ECS上でVPNサーバープロセスを常駐化させるため、Systemdでサービス化します。

# vi /etc/systemd/system/vpnserver.service
[Unit]
Description=SoftEther VPN Server
After=network.target

[Service]
Type=forking
ExecStart=/usr/local/vpnserver/vpnserver start
ExecStop=/usr/local/vpnserver/vpnserver stop

[Install]
WantedBy=multi-user.target

VPNサーバーを起動します。VPNサーバーを自動起動させる場合、systemctl enableを実行します。

# systemctl start vpnserver
# systemctl status vpnserver    
# systemctl enable vpnserver

SoftEtherVPNServerMangerのインストール

続いて、GUIでSoftEtherの設定ができるように、SoftEther公式ダウンロードページから、SoftEther VPN Server Managerをダウンロード・インストールします。
インストール後、VPN Server Managerを立ち上げ、ECSにインストールしたSoftEtherに接続します。

管理画面から以下の設定をしていきます。

仮想HUBの作成

初期状態で作成されている仮想HUBを削除し、新規に仮想HUB を作成します。
（インドネシアリージョン、東京リージョンのSoftEther共に作成します）

ユーザーの作成

ユーザーを作成します。
（インドネシアリージョン、東京リージョンのSoftEther共に作成します）

ローカルブリッジ設定

ローカルブリッジを設定します。
（インドネシアリージョンのSoftEtherのみ設定します）

セキュリティNAT設定

セキュリティNAT設定を行います。
（東京リージョンのSoftEtherのみ設定します）

カスケード接続設定

カスケード接続設定を行います。
（インドネシアリージョンのSoftEtherのみ設定します）

OpenVPN用コンフィグファイル作成

コンフィグファイルをダウンロードします。
（インドネシアリージョンのSoftEtherのみ作成します）

3.iPhoneへのOpenVPNのインストール・設定

OpenVPNのインストール

ここからはスマホ側の設定です。

インドネシアリージョンのSoftEtherとVPN接続させるため、スマホ（今回はiPhoneを使用しました）にOpenVPNをインストールします。
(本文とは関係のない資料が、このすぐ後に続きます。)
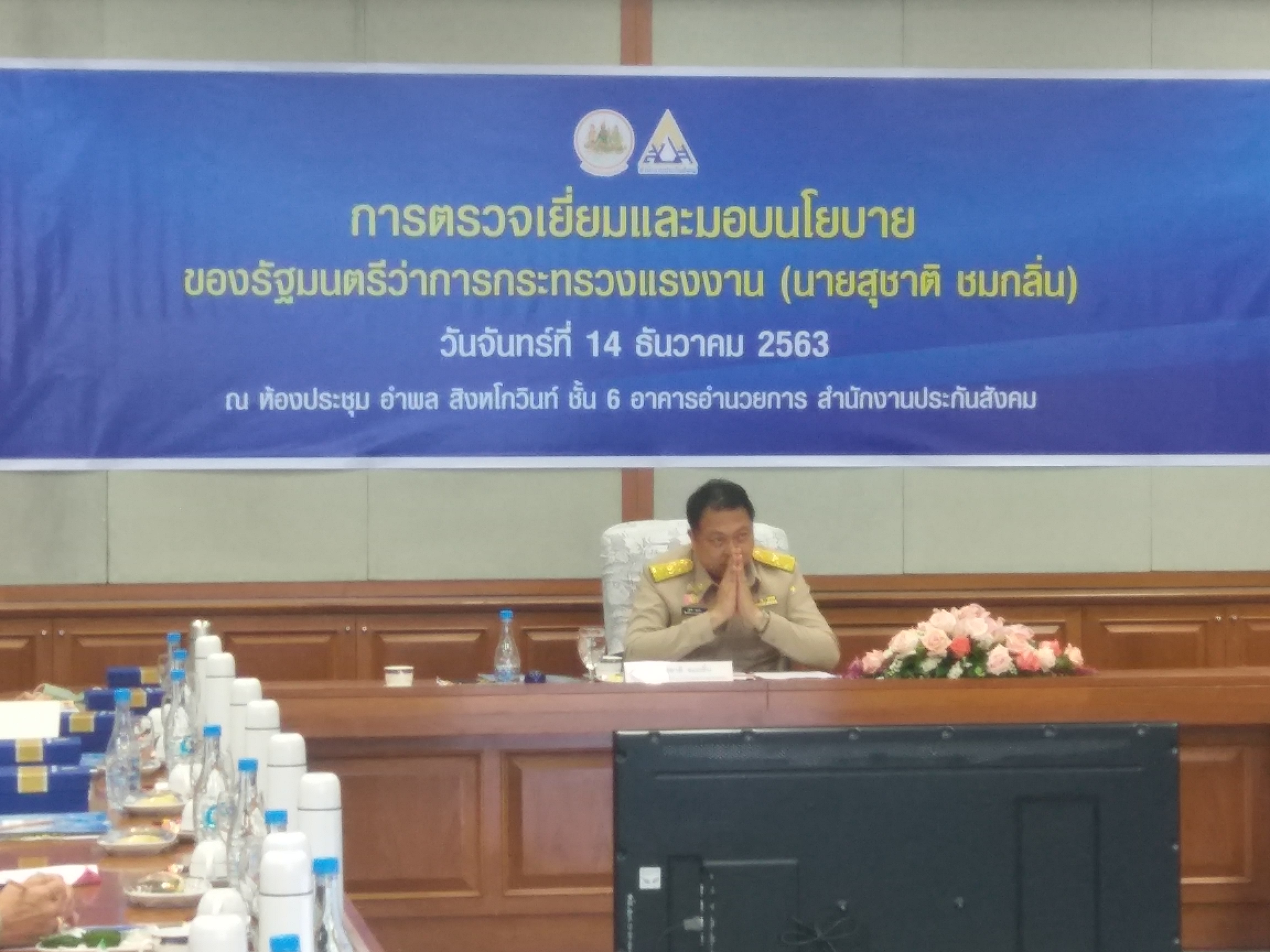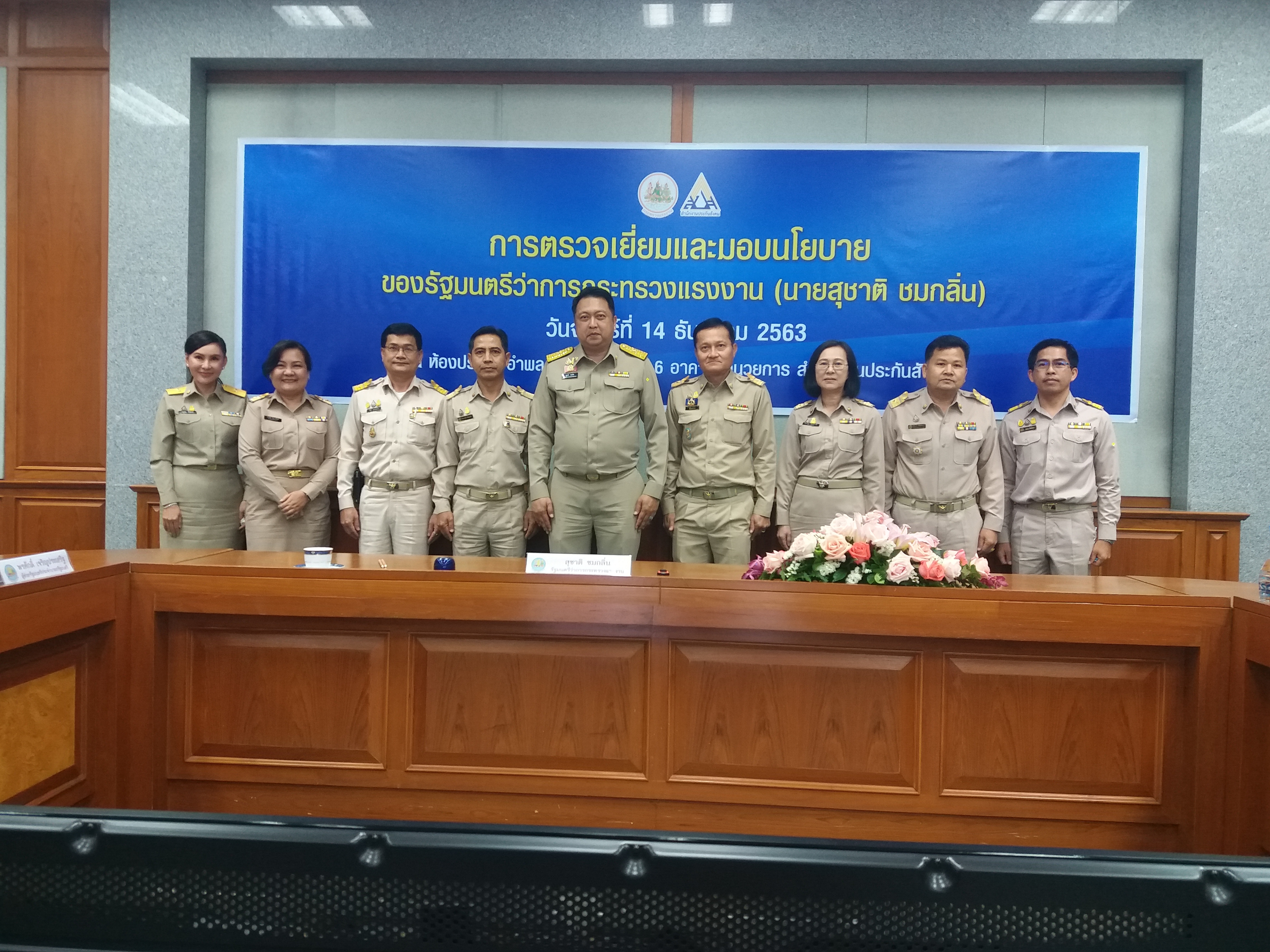วันที่ 14 ธันวาคม 2563 เวลา 8.30 น. นายสุจินต์ ไชยชุมศักดิ์ ผู้ว่าราชการจังหวัดนนทบุรี พร้อมด้วยนายวิชิตร สุวรรณมาก แรงงานจังหวัดนนทบุรี นางอนุวรรณ แสงประเสริฐ จัดหางานจังหวัดนนทบุรี นายอัครินทร์ ธารีฉัตรไพศาล สวัสดิการและคุ้มครองจังหวัดนนทบุรี นายสงกรานต์ เพิ่มฤๅชัย ผู้อำนวยการสำนักงานพัฒนาฝีมือแรงงานนนทบุรี และนางชวนพิศ วิระวงษ์นุสร ประกันสังคมจังหวัดนนทบุรี ร่วมต้อนรับ นายสุชาติ ชมกลิ่น รัฐมนตรีว่าการกระทรวงแรงงานและคณะ เพื่อตรวจเยี่ยมและมอบนโยบายแก่สำนักงานประกันสังคม ณ ห้องประชุม อำพล สิงหโกวินท์ ชั้น 6 อาคารอำนวยการ สำนักงานประกันสังคม ถนนติวานนท์ จังหวัดนนทบุรี โดยรัฐมนตรีว่าการกระทรวงแรงงานให้นโยบายสำคัญในการผลักดันให้แรงงานอิสระหรือแรงงานนอกระบบเข้าสู่ระบบประกันสังคม และการพัฒนากระบวนการให้บริการประกันสังคมและบริการทางการแพทย์ให้ดีขึ้น เพื่อตอบสนองความต้องการให้แก่ผู้ประกันตน อาทิ การให้ความช่วยเหลือแรงงานที่ได้รับความรู้อย่างทันท่วงที การให้ความสำคัญกับมาตรการป้องกันมากกว่าการแก้ไขปัญหา การจัดตั้งสำนักงานประกันสังคมเพิ่ม การจัดตั้งศูนย์ฟื้นฟู การจัดทำฐานข้อมูล Big Data การจัดมุมบริการผู้ประกันตน และการมีจิตบริการที่ดี เป็นต้น
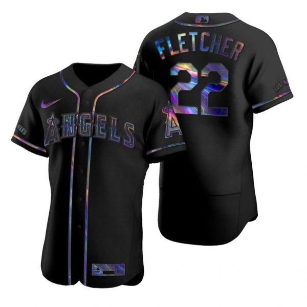 Men’s David Fletcher Los Angeles Angels Flex Base Jersey Black Holographic
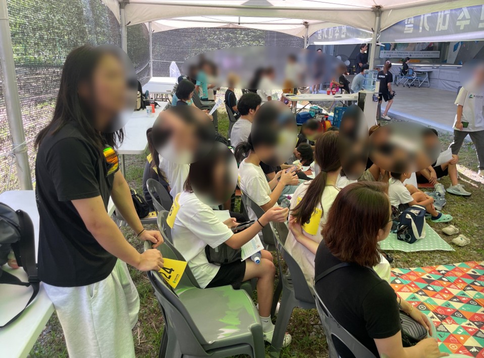 대회 시작 전 여학생, 남학생 팀별 운영 시간을 안내해 주시고
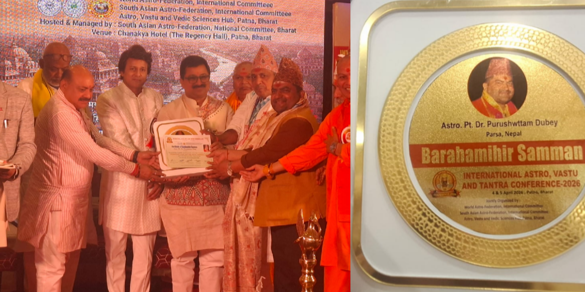 भारतको बिहार राज्यको राजधानी पटना स्थित प्रतिष्ठित चाणक्य होटलमा आयोजित ‘अन्तर्राष्ट्रिय ज्योतिष, वास्तु एवं तन्त्र सम्मेलन–२०२६’ मा नेपालका प्रख्यात
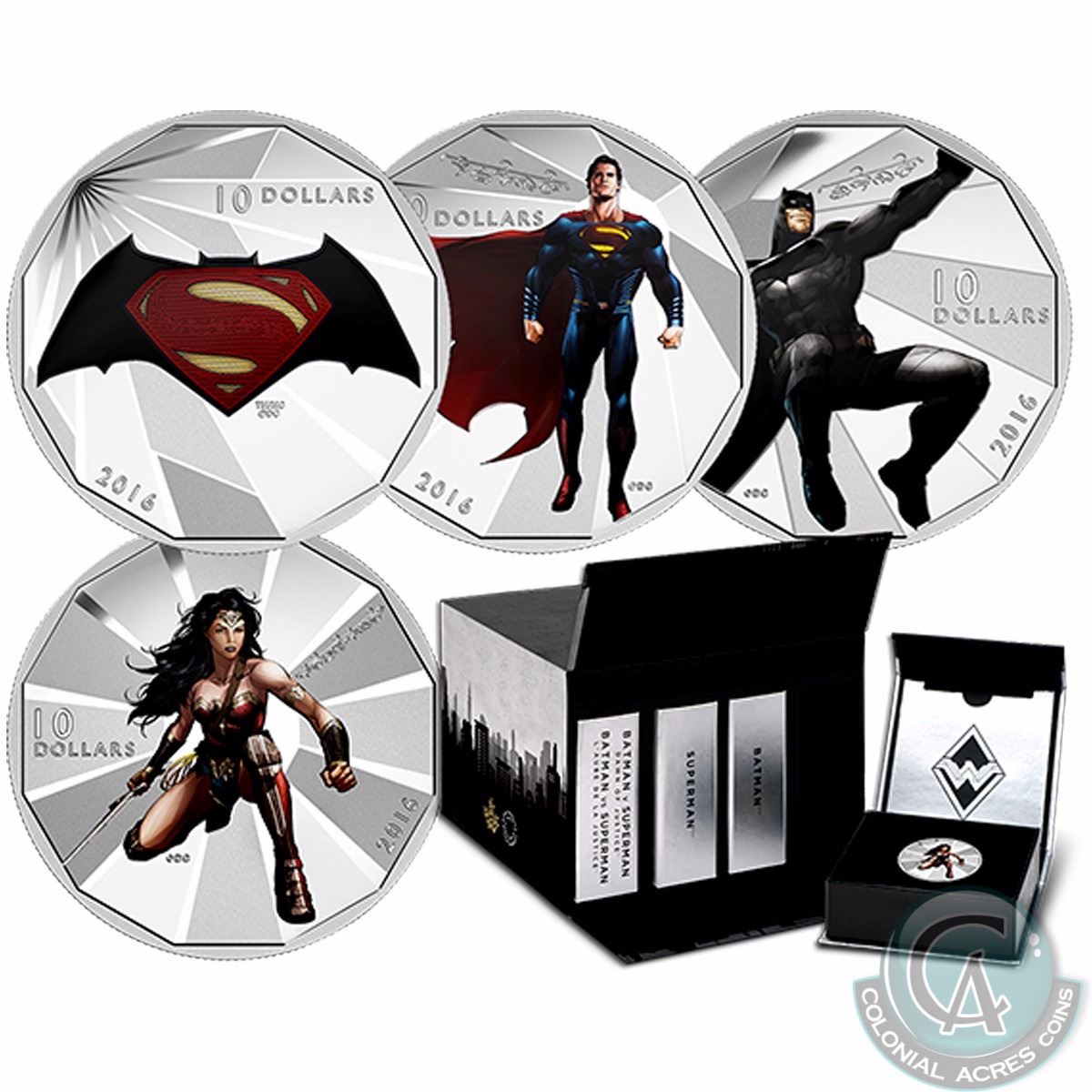 RCM Issue: 2016 Canada $10 Batman VS Superman Dawn of Justice 4-coin Fine Silver set. This set comes with all four $10 coins issued for this series: the 2016 $10 Logo, 2016 $10 Batman, 2016 $10 Superman, and the 2016 $10 Wonder Woman in a Vibrant Official RCM Display Case. 4pcs (Tax Exempt)
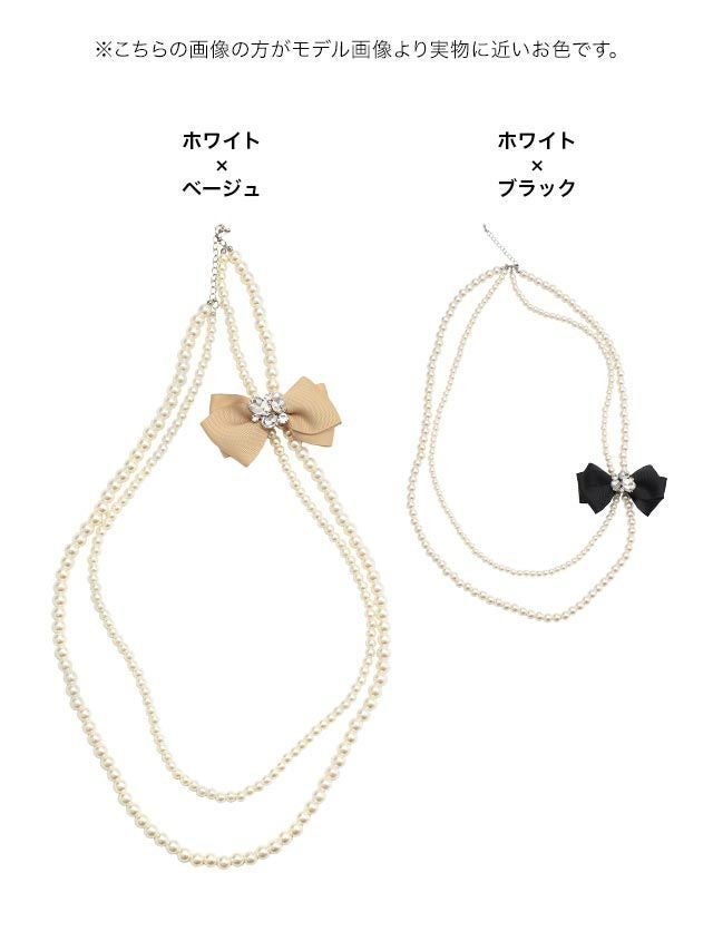 リボン付きパール2連ロングネックレスのイメージ画像1
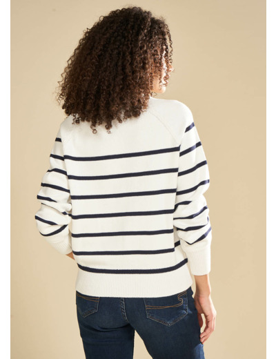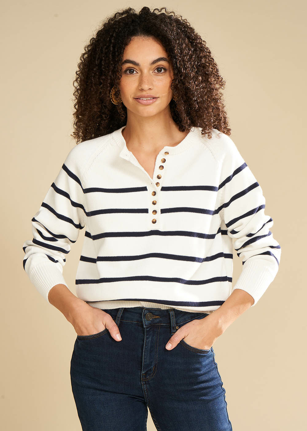 Le pull marinière MELSYA se distingue avec son col rond et ses manches raglans. Il est doté d'une demie patte de boutonnage sur le milieu devant avec des boutons écaille ajoutant une touche élégante. Associez-le à votre jean préféré pour un look décontracté ou à une jupe en satin pour une allure plus chic.
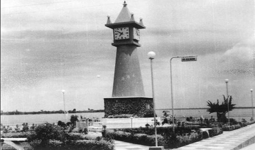 FOTO DO DIA: Permitindo uma visão privilegiada do Rio Amazonas, fica Praça do Relógio, em Itacoatiara/AM. A escadaria a sua frente ia até o porto da cidade, onde os navios transportando equipamentos e homens paa a construção da ferrovia Madeira-Mamoré, ou retornando da obra, estacionavam O relógio fica nas proximidades da Casa Oscar Ramos, entreposto da Madeira-Mamoré durante muito tempo desde a construção da ferrovia.

インストール後、VPN接続用のConfigファイル（SoftEtherからダウンロードしたConfigファイル）をiPhoneにコピーします。
itunesを使うと簡単にコピーできます。

VPN接続設定

コピーしたConfigファイルを使用し、VPNの接続設定を行います。

ユーザー名、パスワードはインドネシアリージョンのSoftEtherの仮想HUBユーザー名、パスワードを使用します。

4.動作確認

OpenVPNでVPN接続を行ったあと、Skypeアプリを起動し通話してみます。

東京リージョンのECS上でtcpdumpコマンドを実行すると、Skype宛のパケットが流れていることを確認することができます。

# tcpdump port 3478
tcpdump: verbose output suppressed, use -v or -vv for full protocol decode
listening on eth0, link-type EN10MB (Ethernet), capture size 262144 bytes

10:33:48.147540 IP iZ6we2j2t9k18vbesp7sjlZ.65100 > 203.140.30.195.stun: UDP, length 148
10:33:48.151182 IP 203.140.30.195.stun > iZ6we2j2t9k18vbesp7sjlZ.65100: UDP, length 151
10:33:48.208178 IP iZ6we2j2t9k18vbesp7sjlZ.65100 > 203.140.30.198.stun: UDP, length 148

おわりに

今回はSoftEtherとCENを使用して、海外リージョンからSkype等のUDPアクセスする方法について記載しました。
この構成はUDPだけでなくTCPももちろんフォワードできますし、いろいろな用途に流用できると思います。
構築は非常に簡単なのでぜひ試してみてください。